Due to time constraints, please do not PM me if your question can be resolved or answered on the forum.
Need help? 1) Stop changing things. No new indicators, charts, or methods. Be consistent with what is in front of you first. 2) Start a journal and post to it daily with the trades you made to show your strengths and weaknesses. 3) Set goals for yourself to reach daily. Make them about how you trade, not how much money you make. 4) Accept responsibility for your actions. Stop looking elsewhere to explain away poor performance. 5) Where to start as a trader? Watch this webinar and read this thread for hundreds of questions and answers. 6) Help using the forum? Watch this video to learn general tips on using the site.
If you want to support our community, become an Elite Member.
What I have so far is a long way from something that I'd ever expose to the internet. Robustness has taken a backseat to getting something that works fairly quickly, but the underpinnings are probably there. Design problem I can foresee for something that serves data to a lot of clients are: 1. That it spawns a new thread for each client, so it might not scale well over a hundred or so concurrent clients. 2. The overly simple protocol has no way to deal with faulty requests or anything.
I opted against a relational database, and am using Berkeley DB (which is what MySQL used to use for it's internal storage). BDB stores data via key/data pairs, this works great for ticks, with a key of (symbol,time) and data of (price, bid, ask, volume), duplicate keys are allowed. For simplicity in implementation I just have 1 database right now, but it will be easy to change to have numerous internal DBs for symbols, or symbols and subsets of the time like year/month, but that'd be completely transparent to the client.

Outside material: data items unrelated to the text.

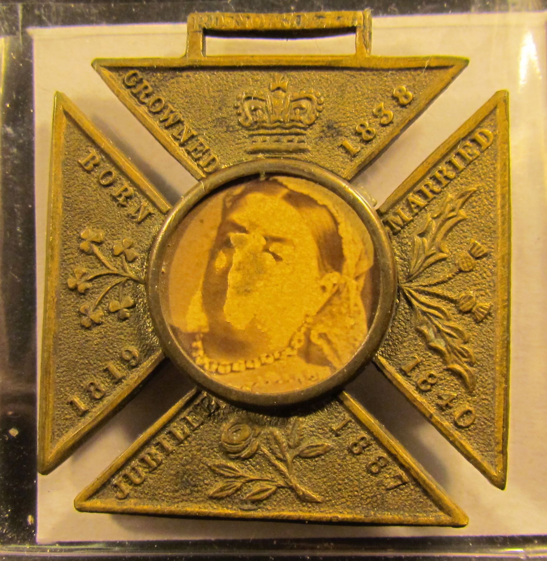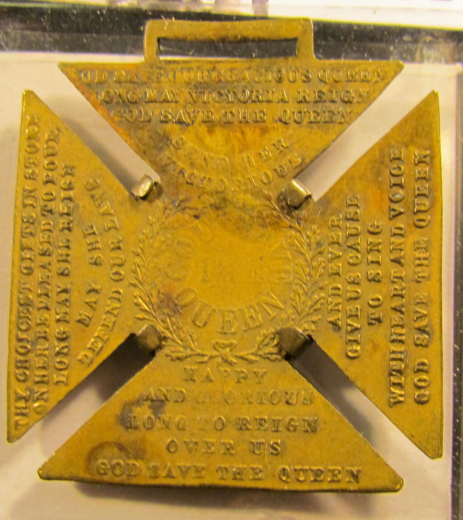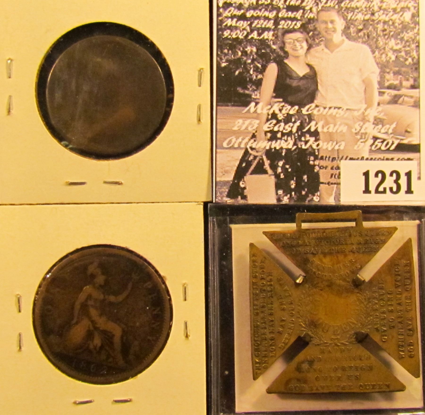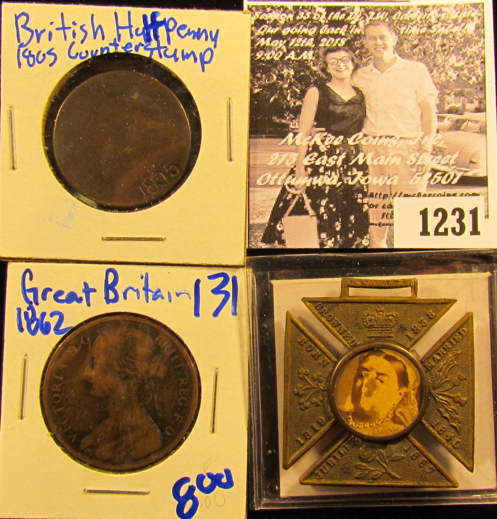 1231 . 1862 British Large Cent; 1805 British Half Penny With 1805 Counter stamp; British Medal With The Face Of Queen Victoria Celebrating 50th Anniversary Of Her Coronation, Reverse of the Medal has the words to the song “God Save The Queen”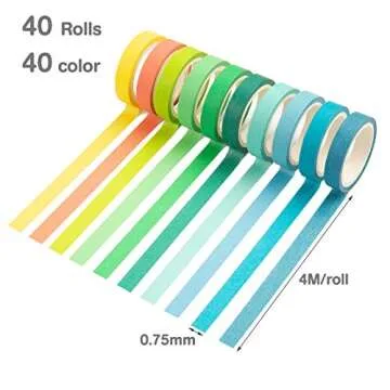 Show moreUnleash your creativity with the breathtaking YILIN Washi Tape Set, a collection of 40 vibrant rolls designed to elevate all your artistic projects. Each roll boasts a generous length of 4M (13.1ft) and a width of 0.75cm (0.29inch), offering an abundant supply to fuel your imagination and craft multiple masterpieces. Whether you’re making decorative planners, art projects, or playful decorations, the rainbow of colors in this set provides you with endless possibilities to express yourself.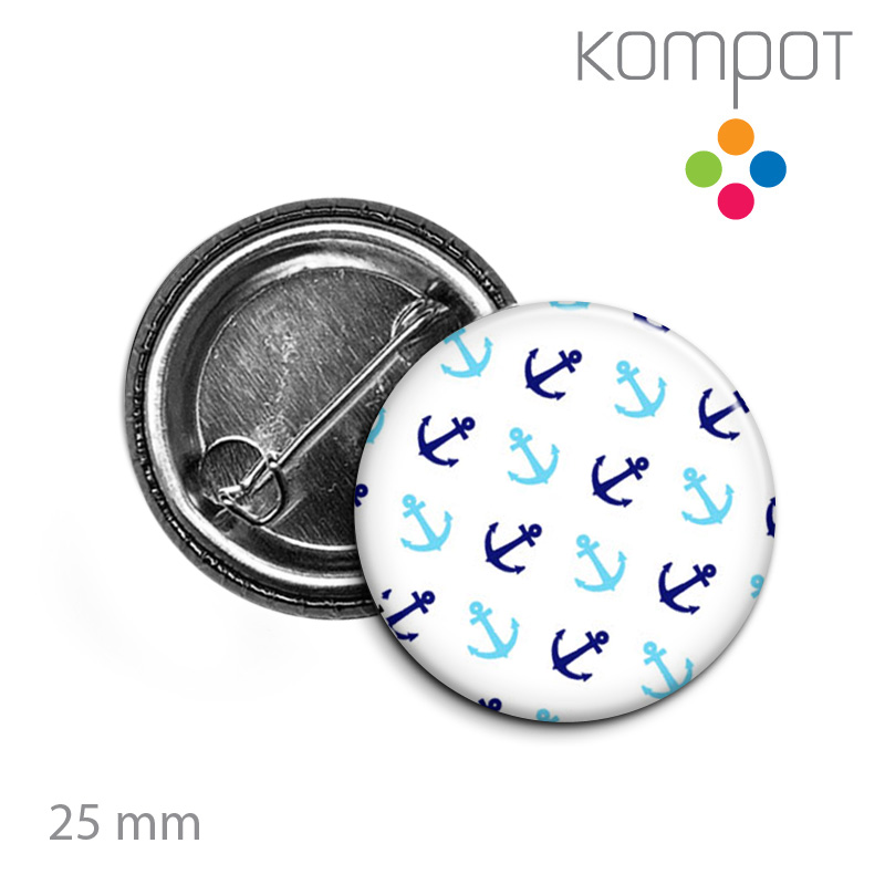 Placka o průměru 2,5 cm, vzadu klasické zapínání na integrovaný spínací špendlík.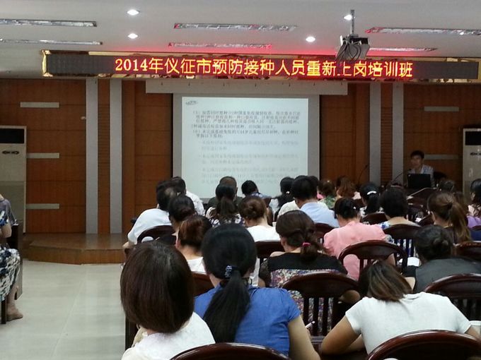 7月21日、24日,仪征市疾控中心分两批对从事预防接种的工作人员进行重新上岗培训,全市计划免疫门诊和医院产房等202名接种人员参加培训。

The socket interface is very simple, 3 requests read, realtime write, and back fill. Only one response from the server, containing data from a read request (1..N per request). Real time and back fill are the same except backfill first deletes all the data for that exact symbol and time stamp. Read requests take a symbol and start time stamp, it then streams all the data after that time stamp for the given symbol in blocks that each contain all the ticks for that exact time stamp.
This design pushes some buffering responsibility to a back fill writer, because it has to send all the ticks for a unique time stamp at once or it deletes it's previously sent data. Readers get N responses each one with all the data for a given time stamp.

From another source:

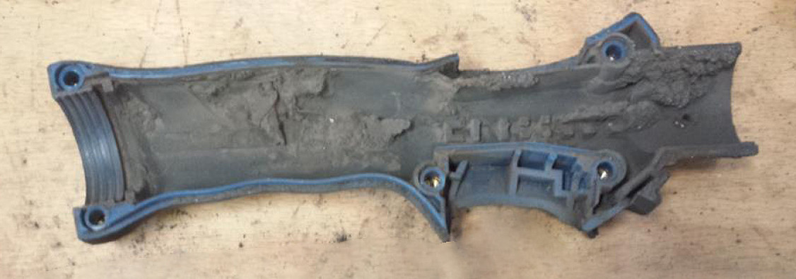 Auch wenn ein Absaugbrenner für Punktabsaugung direkt über dem Prozess positioniert wird, saugt er mehr als nur den reinen Schweißrauch ein. Er erfasst auch Schweißtrennmittel, mit denen die Bauteile vorbehandelt wurden, denn diese verdampfen beim Überschweißen. Die eingesaugten Partikel setzen sich in der Absaugdüse, im Innern des Brennerkopfs und im Schlauchpaket fest. Sie behindern den freien Durchstrom des eingesaugten Schweißrauchs und reduzieren den Absaug-Vakuumdruck. Werden die Ablagerungen größer, wird die Absaugleistung immer schlechter.
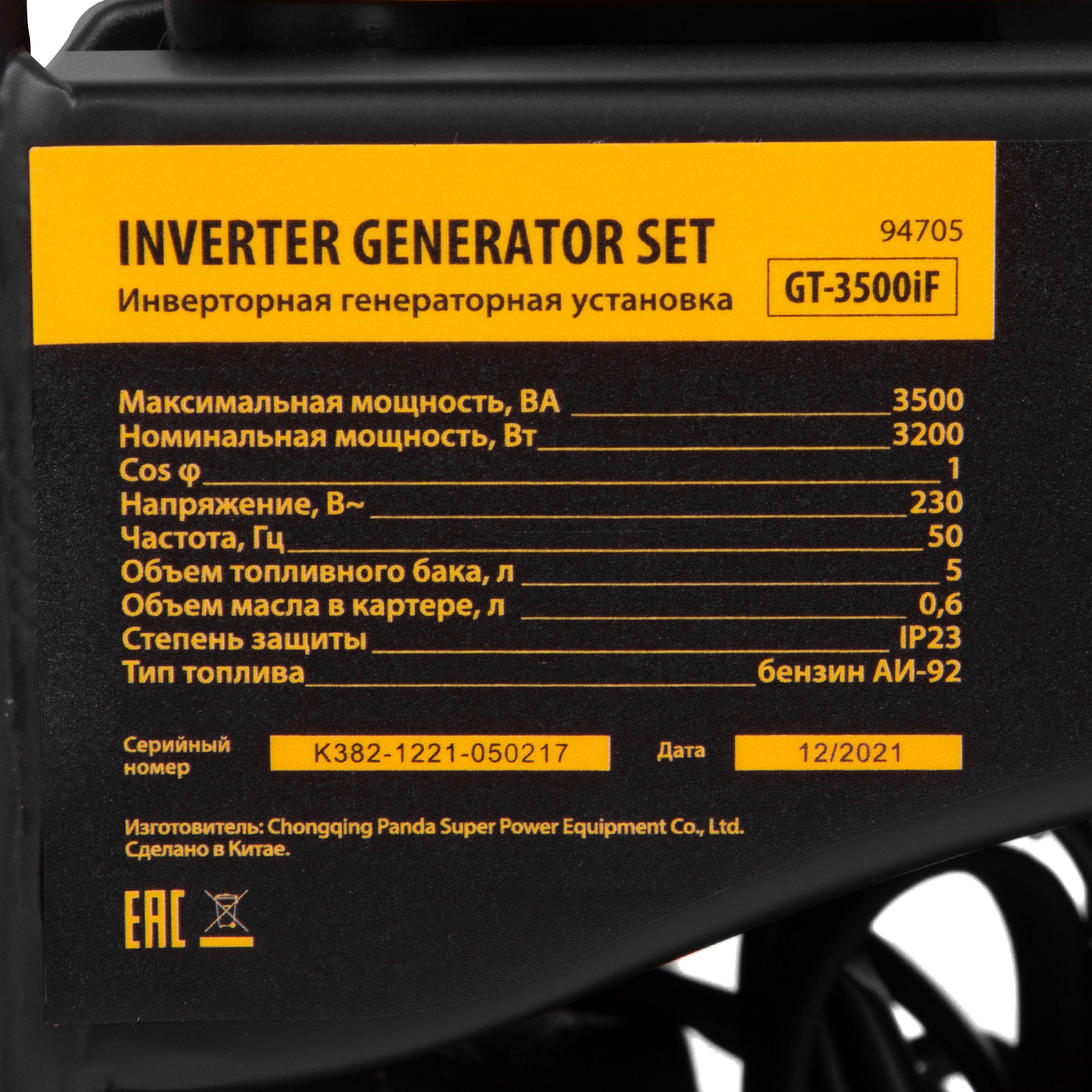 Генератор инверторный GT-3500iF, 3.5 кВт, 230 В, бак 5 л, открытый корпус, ручной старт Denzel в Екатеринбурге

Right now I'm working on shoehorning a client into a GomFileManager subclass so I can do some debugging and testing of the server. It takes a bit of kludging because the recordTick interface to that class only provides the price and tick type, so I have to rebuild fake ask and bid prices. I also need to understand the read back use case a little better, and that might lead to changes in the read request/response interface.
The following user says Thank You to danjurgens for this post:
They store the bid-ask-last tick data, but store it separately so the sequence of ticks is not preserved. I presume that is because NT can draw the charts with either of these values, and some one made the architectural decision to tie the db to the application!
They could very easily fix this so that a single tick db has all the three types of ticks with the proper sequential time-stamp with a very simple filter but they chose not too. So the tick data downloaded by NT is not useful to backfill.
HOWEVER, they also have the infrastructure for replay which DOES store and capture tick data (both L1 and L2) in the right sequence. However that infrastructure can be used only for replay and can not drive your indicators.
I presume they are simply overloaded and understaffed and different teams did their own thing without regards to the big picture. NT is only software I know off which maintains two separate mutually incompatible dbs for tick data. But they still can not offer chart backfill capability (OnMarketData) for historical values.
On your project: The biggest challenge I have is that you can not update your database while you are collecting the ticks. So you have to find a time-window when the ticks are not coming to fill gaps in your gomi data base.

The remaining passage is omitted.